New Zealand minister of the Crown

The deputy prime minister of New Zealand (te pirimia tuarua o Aotearoa) is the second-most senior member of the Cabinet of New Zealand. The officeholder usually deputises for the prime minister at official functions. Since 31 May 2025, the current deputy prime minister is David Seymour of the ACT Party.

The role existed on an informal basis for as long as the office of prime minister/premier has existed, but the office of "deputy prime minister" was formally established as a ministerial portfolio in 1949. This means that Keith Holyoake is considered the first deputy prime minister. It was formally designated as a full cabinet level position in 1954.

==Appointment and duties==
The post of deputy prime minister was formally established in 1949. Eighteen individuals have held the position (with one of them doing so twice, and one doing so thrice) and of those people: Holyoake, Marshall, Watt, Muldoon, Palmer, Clark and English have eventually served as prime minister. The deputy prime minister has always been a member of the Cabinet and has always held at least one substantive portfolio.

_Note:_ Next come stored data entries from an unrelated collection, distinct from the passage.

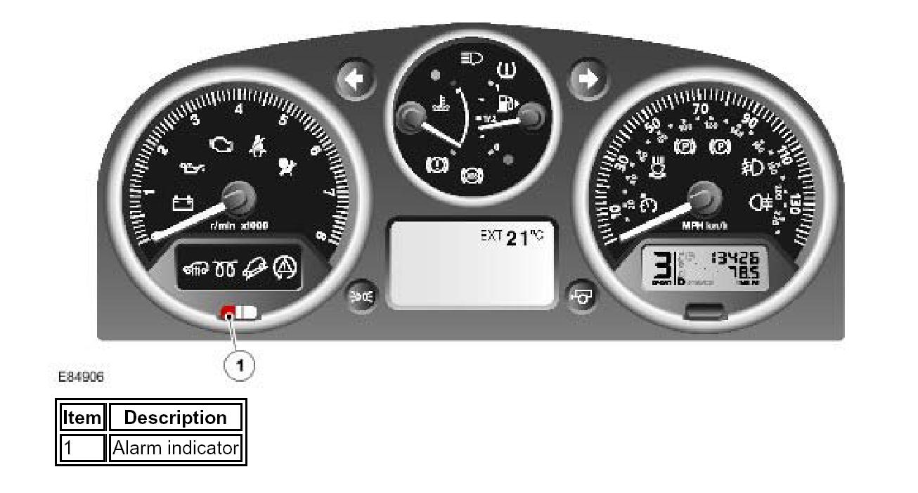 The alarm indicator is a Light Emitting Diode (LED) located in the instrument cluster. When the ignition is off, the indicator gives a visual indication of the active anti-theft system to show if the alarm system is set or unset.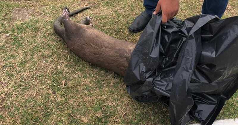 Nutria muerta flota en laguna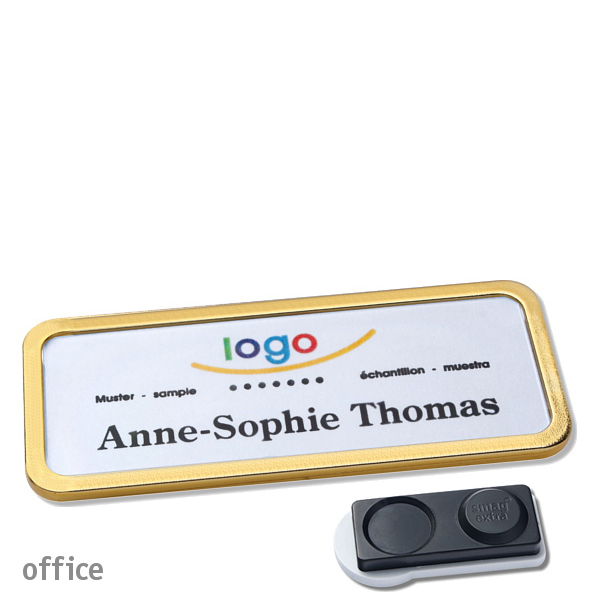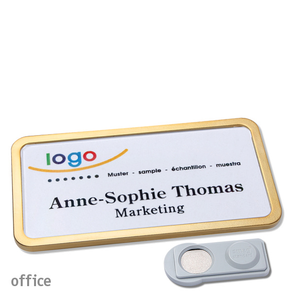 10 Namensschilder OFFICE, magnetisch 75 x 37 mm | gold | smag Magnet, Kunststoff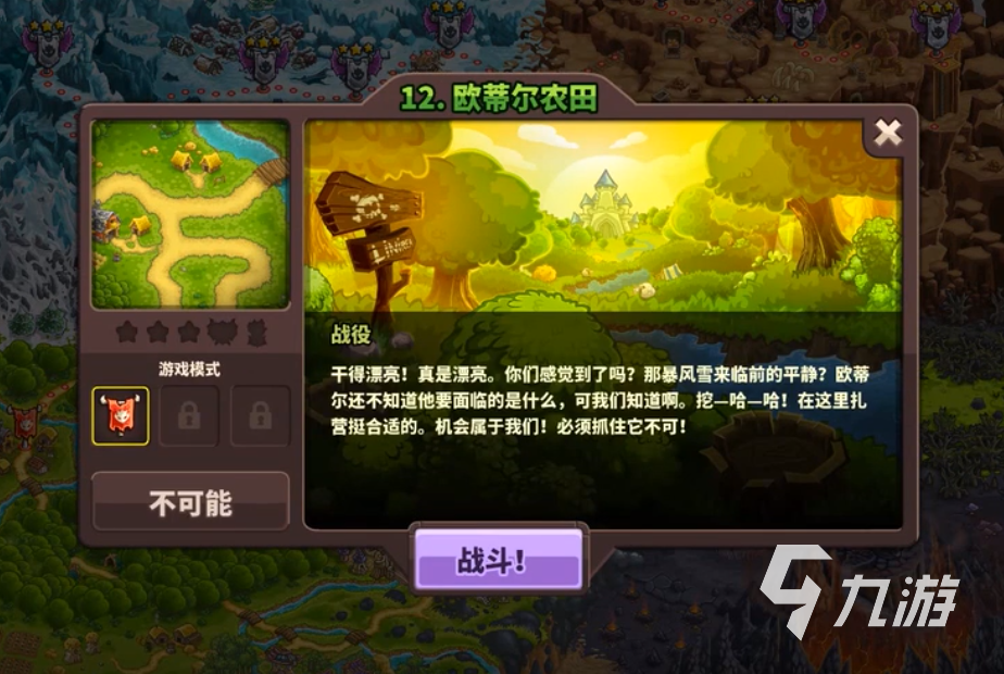 故事背景是維茲南的軍隊(duì)來到歐蒂爾農(nóng)田決定扎營,給歐蒂爾一個(gè)意想不到的奇襲,由玩家率領(lǐng)軍隊(duì)進(jìn)行征戰(zhàn)。該地形中敵人的出兵口較多,但跑圖通道只有一條,玩家在這一條通道上先建立起自己的防御陣型,優(yōu)先建立熔爐與死靈墓并升級,來抵擋前期的敵人;中期敵人數(shù)目增加后,熔爐點(diǎn)出滾燙碎石技能,配合死靈墓可以很好的抵御移速較快的看門狗。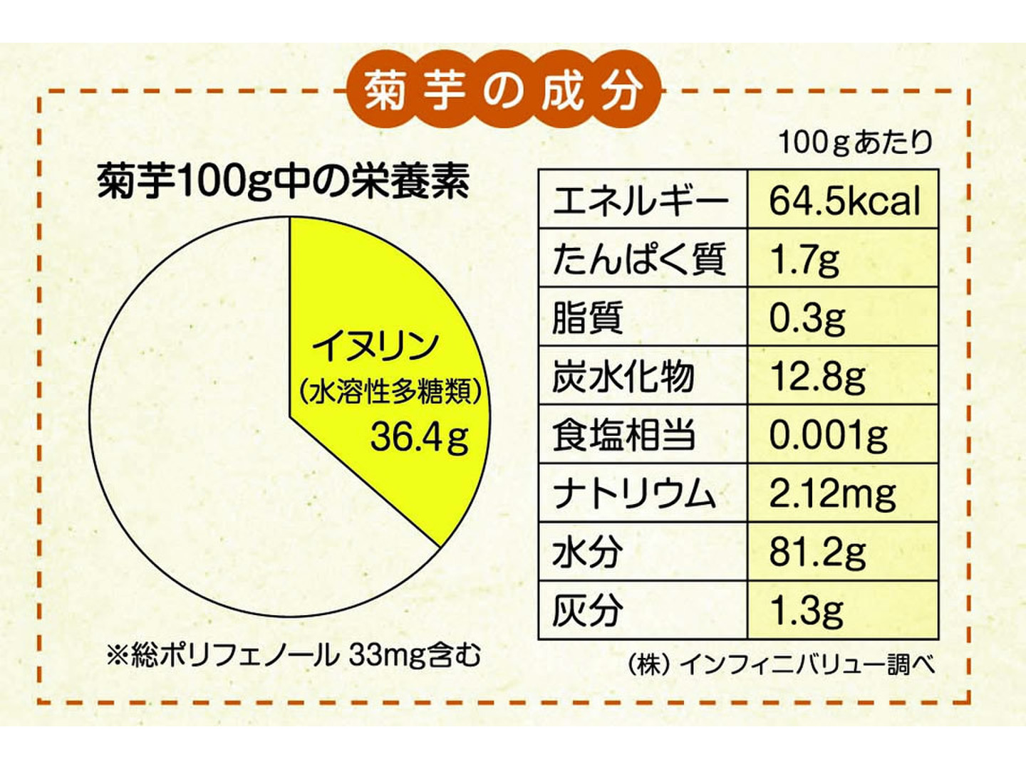 菊芋には水溶性食物繊維のイヌリンが豊富に含まれており、一般に食物繊維は整腸、血糖値抑制に効果があると言われています。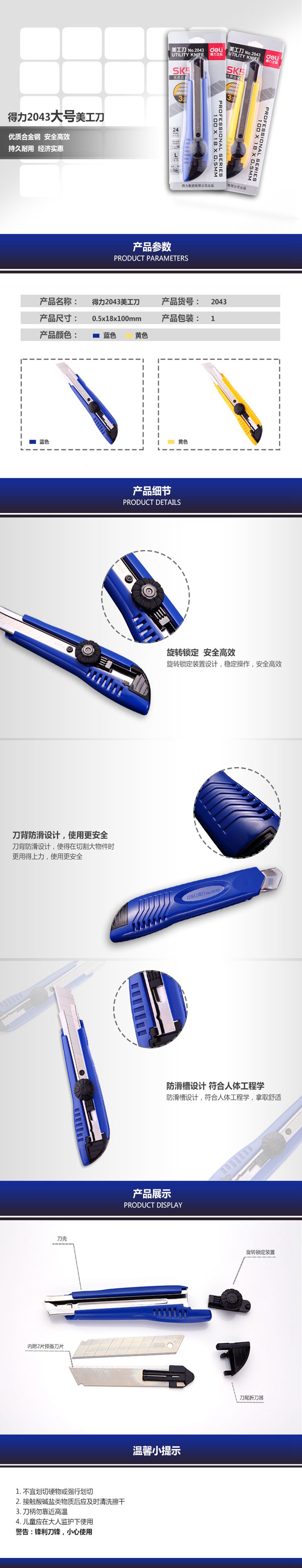 • 商品名称:得力(deli) 2043 18mm大号美工刀 旋转锁定裁纸刀/切纸刀 (黄色2043)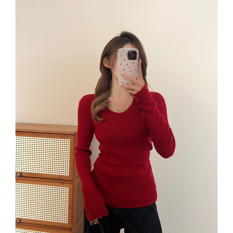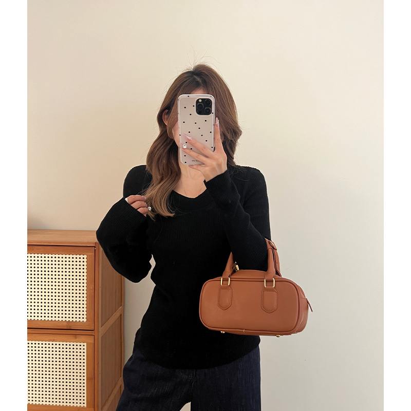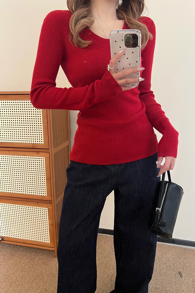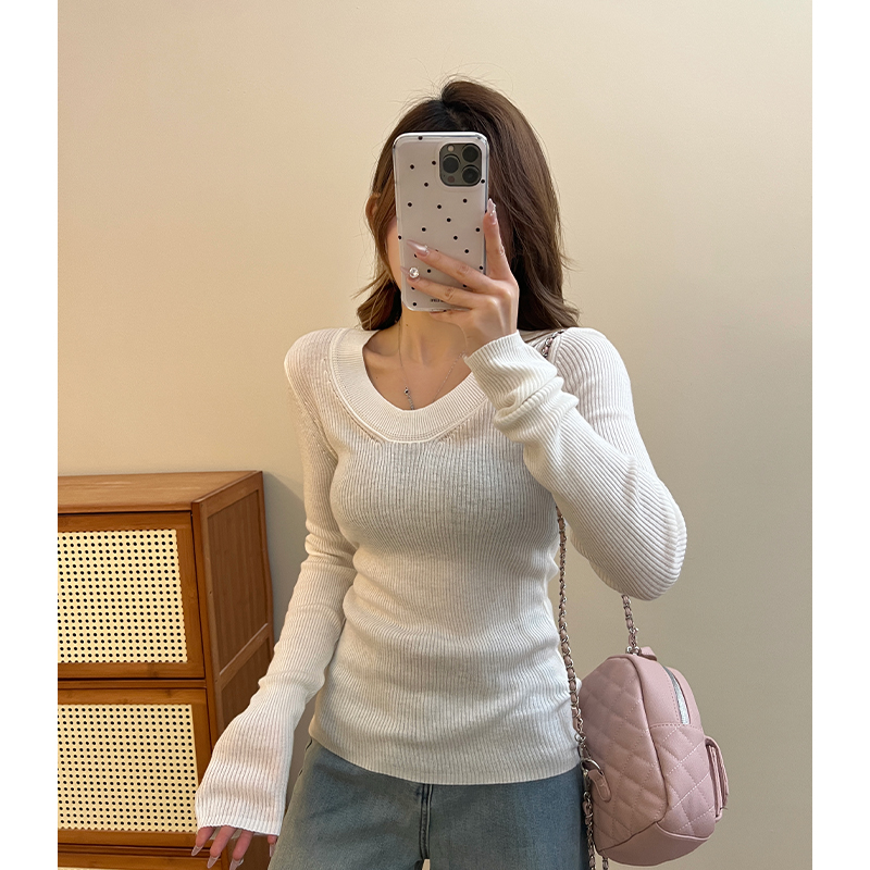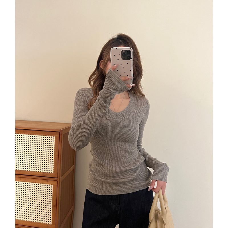 실제 가격 회색 U-Neck 앞쪽 어깨 롱 슬리브 스웨터 봄 여성을위한 여성을위한 여성을위한 새로운 슬림 한 몸매 얇은 스타일

The deputy prime minister "...can, if necessary" exercise the statutory and constitutional functions and powers of the prime minister if the prime minister is unavailable or unable. They can also do the same as acting prime minister, in consultation with the prime minister if it is appropriate and practicable. The deputy prime minister can also temporarily act as interim prime minister until the leadership of the government is determined in some cases, like the death of the prime minister.

The position was most commonly held by the deputy leader of the largest party, but since the adoption of the MMP electoral system in 1996 and the greater frequency of coalition governments in New Zealand, the role may instead go to the leader of a junior government party. This has occurred three times with Winston Peters, leader of New Zealand First; once with Jim Anderton, leader of the Alliance; and once with David Seymour, leader of ACT New Zealand. Twice, the Labour Party has appointed a senior minister who was not the deputy party leader as the deputy prime minister (Grant Robertson and Carmel Sepuloni).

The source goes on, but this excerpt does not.